But this? This is a nightmare.
Where’s the fire? Neither the players or coaches seem to have any emotions during or after games other than defeat. Heads are dropping almost immediately and everyone is acknowledging problems and yet no one seems to be fixing them.
It all starts with leadership and the man who just signed a massive contract extension. It’s not as simple as taking blame, James Franklin needs to be finding solutions, and right now he is failing spectacularly at doing so.
3. This will have long-term effects
Recruiting and image wise, you can survive a down year. Notre Dame went 4-8 not that long ago. Texas has had nightmare seasons. Florida was in the dumps before Dan Mullen. But Penn State can’t survive that type of thing, especially if there’s not an obvious excuse and fix.
Seasons like these, when you’re already recruiting poorly in the current class, are what cripple the next 2-3 recruiting cycles and that momentum is not easy to get back.
Currently, the Nittany Lions are off to a great start in the 2022 class and their centerpiece, quarterback Beau Pribula, seems set for a big ratings bump after a monster junior season. But can you hold on to those pieces?

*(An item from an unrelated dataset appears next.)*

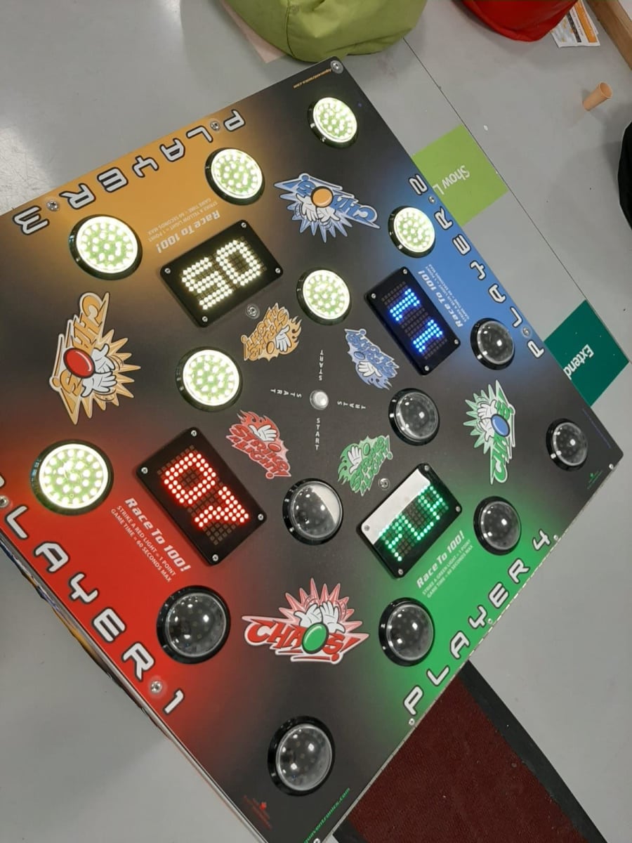 Chaos 4 Player Strike a Light also known as Strike the light is one of the most eye-catching attractions in our range, with flashing neon lights and great sound, similar to our Batak Pro reaction game.

How do you sell to guys that they’re coming to compete for conference and national titles when you’re getting the doors blown off by Maryland in your home stadium? How about when you look markedly worse than Rutgers under Greg Schiano, who undoubtedly will be competing for some of the same kids soon, I would love to say this season is a one-off issue, but Penn State is staring down some serious and potentially lasting issues.